SUPPLIED RECORDS:
□ □ □ □ □

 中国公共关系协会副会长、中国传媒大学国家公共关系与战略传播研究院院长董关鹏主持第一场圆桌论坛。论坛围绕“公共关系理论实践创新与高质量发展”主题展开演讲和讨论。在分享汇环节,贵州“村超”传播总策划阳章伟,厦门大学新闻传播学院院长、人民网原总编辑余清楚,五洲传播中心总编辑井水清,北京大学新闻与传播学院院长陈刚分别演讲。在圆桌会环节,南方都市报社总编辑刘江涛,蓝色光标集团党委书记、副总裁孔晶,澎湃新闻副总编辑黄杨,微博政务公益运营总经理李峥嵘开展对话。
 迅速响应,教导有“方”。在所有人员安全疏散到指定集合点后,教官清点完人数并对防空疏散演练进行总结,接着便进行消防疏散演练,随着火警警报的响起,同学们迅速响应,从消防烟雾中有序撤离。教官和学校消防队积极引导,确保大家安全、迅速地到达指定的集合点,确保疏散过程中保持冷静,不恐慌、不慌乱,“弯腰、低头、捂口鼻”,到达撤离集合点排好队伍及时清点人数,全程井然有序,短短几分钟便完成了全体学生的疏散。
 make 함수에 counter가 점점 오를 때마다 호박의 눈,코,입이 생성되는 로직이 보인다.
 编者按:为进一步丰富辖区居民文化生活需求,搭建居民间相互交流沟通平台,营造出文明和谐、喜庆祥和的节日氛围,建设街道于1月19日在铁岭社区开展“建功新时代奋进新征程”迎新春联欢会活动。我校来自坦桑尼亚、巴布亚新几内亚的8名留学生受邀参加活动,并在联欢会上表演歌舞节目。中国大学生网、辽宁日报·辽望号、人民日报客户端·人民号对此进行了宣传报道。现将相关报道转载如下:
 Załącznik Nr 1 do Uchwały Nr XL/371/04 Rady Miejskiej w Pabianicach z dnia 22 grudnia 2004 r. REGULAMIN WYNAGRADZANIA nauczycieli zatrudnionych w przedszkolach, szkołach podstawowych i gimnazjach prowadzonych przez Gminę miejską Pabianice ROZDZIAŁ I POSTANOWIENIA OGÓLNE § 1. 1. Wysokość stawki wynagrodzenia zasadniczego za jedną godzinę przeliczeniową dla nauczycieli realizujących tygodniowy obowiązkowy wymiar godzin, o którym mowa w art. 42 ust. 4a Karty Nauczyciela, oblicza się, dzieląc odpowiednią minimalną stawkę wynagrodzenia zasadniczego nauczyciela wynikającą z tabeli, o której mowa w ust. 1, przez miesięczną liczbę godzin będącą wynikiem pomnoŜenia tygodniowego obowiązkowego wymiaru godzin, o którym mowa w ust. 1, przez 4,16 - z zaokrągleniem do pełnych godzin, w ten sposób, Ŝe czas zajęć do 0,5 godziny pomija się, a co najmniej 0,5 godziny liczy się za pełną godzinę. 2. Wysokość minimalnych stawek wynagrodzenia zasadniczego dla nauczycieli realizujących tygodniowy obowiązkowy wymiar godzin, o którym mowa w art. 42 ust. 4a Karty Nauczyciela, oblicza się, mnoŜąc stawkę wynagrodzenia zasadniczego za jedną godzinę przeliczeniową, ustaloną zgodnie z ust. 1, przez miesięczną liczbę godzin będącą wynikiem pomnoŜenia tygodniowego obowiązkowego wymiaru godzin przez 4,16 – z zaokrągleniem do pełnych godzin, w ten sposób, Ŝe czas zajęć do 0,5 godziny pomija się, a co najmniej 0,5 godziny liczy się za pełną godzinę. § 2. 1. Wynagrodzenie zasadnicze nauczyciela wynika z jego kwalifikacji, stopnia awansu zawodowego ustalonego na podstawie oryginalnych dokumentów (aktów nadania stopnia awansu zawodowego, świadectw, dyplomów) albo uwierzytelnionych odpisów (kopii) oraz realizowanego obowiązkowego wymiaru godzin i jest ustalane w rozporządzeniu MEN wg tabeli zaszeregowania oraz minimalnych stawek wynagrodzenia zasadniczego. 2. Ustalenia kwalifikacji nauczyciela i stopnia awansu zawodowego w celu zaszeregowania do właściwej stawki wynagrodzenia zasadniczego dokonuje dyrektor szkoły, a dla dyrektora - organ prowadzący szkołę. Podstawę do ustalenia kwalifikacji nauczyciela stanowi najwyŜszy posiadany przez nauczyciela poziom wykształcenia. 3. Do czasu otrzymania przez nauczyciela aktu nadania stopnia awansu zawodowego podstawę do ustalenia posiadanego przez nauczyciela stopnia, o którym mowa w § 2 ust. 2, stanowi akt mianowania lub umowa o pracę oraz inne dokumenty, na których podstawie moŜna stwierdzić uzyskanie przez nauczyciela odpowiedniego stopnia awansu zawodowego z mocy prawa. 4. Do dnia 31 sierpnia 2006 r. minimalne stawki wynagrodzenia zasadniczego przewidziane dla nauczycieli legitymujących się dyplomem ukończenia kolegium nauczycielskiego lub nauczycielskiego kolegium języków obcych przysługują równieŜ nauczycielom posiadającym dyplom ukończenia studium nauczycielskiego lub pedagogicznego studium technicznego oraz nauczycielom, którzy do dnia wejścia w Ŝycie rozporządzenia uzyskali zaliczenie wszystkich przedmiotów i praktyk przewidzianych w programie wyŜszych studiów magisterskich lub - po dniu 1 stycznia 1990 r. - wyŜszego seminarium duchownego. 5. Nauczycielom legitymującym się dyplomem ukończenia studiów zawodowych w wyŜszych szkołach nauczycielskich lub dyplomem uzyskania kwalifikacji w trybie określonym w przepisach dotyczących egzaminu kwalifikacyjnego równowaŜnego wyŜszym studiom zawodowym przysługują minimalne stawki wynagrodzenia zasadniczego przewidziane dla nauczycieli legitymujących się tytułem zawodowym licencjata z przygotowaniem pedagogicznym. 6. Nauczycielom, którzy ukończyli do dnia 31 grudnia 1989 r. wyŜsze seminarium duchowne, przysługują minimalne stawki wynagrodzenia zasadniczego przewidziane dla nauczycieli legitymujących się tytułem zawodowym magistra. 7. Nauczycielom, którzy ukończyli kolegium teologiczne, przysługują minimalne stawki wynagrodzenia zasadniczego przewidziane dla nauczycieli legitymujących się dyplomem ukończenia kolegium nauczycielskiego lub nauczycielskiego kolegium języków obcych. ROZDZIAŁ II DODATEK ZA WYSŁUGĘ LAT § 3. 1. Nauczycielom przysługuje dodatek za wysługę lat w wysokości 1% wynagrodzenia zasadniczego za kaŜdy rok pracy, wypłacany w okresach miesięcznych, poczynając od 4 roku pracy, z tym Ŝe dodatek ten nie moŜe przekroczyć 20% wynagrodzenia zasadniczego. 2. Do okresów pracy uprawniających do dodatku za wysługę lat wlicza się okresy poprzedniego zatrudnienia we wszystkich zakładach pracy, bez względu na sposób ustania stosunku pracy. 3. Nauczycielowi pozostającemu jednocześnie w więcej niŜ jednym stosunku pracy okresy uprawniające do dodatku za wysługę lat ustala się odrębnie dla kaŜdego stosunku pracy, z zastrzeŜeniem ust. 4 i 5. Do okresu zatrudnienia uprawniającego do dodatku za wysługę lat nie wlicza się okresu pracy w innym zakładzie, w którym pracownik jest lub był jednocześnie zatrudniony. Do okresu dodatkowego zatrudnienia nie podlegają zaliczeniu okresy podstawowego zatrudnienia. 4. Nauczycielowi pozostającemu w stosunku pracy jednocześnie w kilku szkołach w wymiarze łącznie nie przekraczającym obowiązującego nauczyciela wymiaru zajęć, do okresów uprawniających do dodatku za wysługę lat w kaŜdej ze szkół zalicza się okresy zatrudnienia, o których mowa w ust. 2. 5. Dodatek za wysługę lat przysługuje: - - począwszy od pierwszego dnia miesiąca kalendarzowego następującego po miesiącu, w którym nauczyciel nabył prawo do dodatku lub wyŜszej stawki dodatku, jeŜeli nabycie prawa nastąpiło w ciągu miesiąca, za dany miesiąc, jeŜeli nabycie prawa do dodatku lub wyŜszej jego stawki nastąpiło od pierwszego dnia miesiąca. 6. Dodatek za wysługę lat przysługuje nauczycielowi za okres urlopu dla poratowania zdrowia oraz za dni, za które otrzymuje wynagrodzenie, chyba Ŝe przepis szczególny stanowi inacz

□ □ □ □ □

WHAT THE TASK ASKS: Restate, word for word and with nothing added, the lines from the beginning of the records above through the line that contains "编者按:为进一步丰富辖区居民".

RESPONSE TO THIS TASK:
 中国公共关系协会副会长、中国传媒大学国家公共关系与战略传播研究院院长董关鹏主持第一场圆桌论坛。论坛围绕“公共关系理论实践创新与高质量发展”主题展开演讲和讨论。在分享汇环节,贵州“村超”传播总策划阳章伟,厦门大学新闻传播学院院长、人民网原总编辑余清楚,五洲传播中心总编辑井水清,北京大学新闻与传播学院院长陈刚分别演讲。在圆桌会环节,南方都市报社总编辑刘江涛,蓝色光标集团党委书记、副总裁孔晶,澎湃新闻副总编辑黄杨,微博政务公益运营总经理李峥嵘开展对话。
 迅速响应,教导有“方”。在所有人员安全疏散到指定集合点后,教官清点完人数并对防空疏散演练进行总结,接着便进行消防疏散演练,随着火警警报的响起,同学们迅速响应,从消防烟雾中有序撤离。教官和学校消防队积极引导,确保大家安全、迅速地到达指定的集合点,确保疏散过程中保持冷静,不恐慌、不慌乱,“弯腰、低头、捂口鼻”,到达撤离集合点排好队伍及时清点人数,全程井然有序,短短几分钟便完成了全体学生的疏散。
 make 함수에 counter가 점점 오를 때마다 호박의 눈,코,입이 생성되는 로직이 보인다.
 编者按:为进一步丰富辖区居民文化生活需求,搭建居民间相互交流沟通平台,营造出文明和谐、喜庆祥和的节日氛围,建设街道于1月19日在铁岭社区开展“建功新时代奋进新征程”迎新春联欢会活动。我校来自坦桑尼亚、巴布亚新几内亚的8名留学生受邀参加活动,并在联欢会上表演歌舞节目。中国大学生网、辽宁日报·辽望号、人民日报客户端·人民号对此进行了宣传报道。现将相关报道转载如下:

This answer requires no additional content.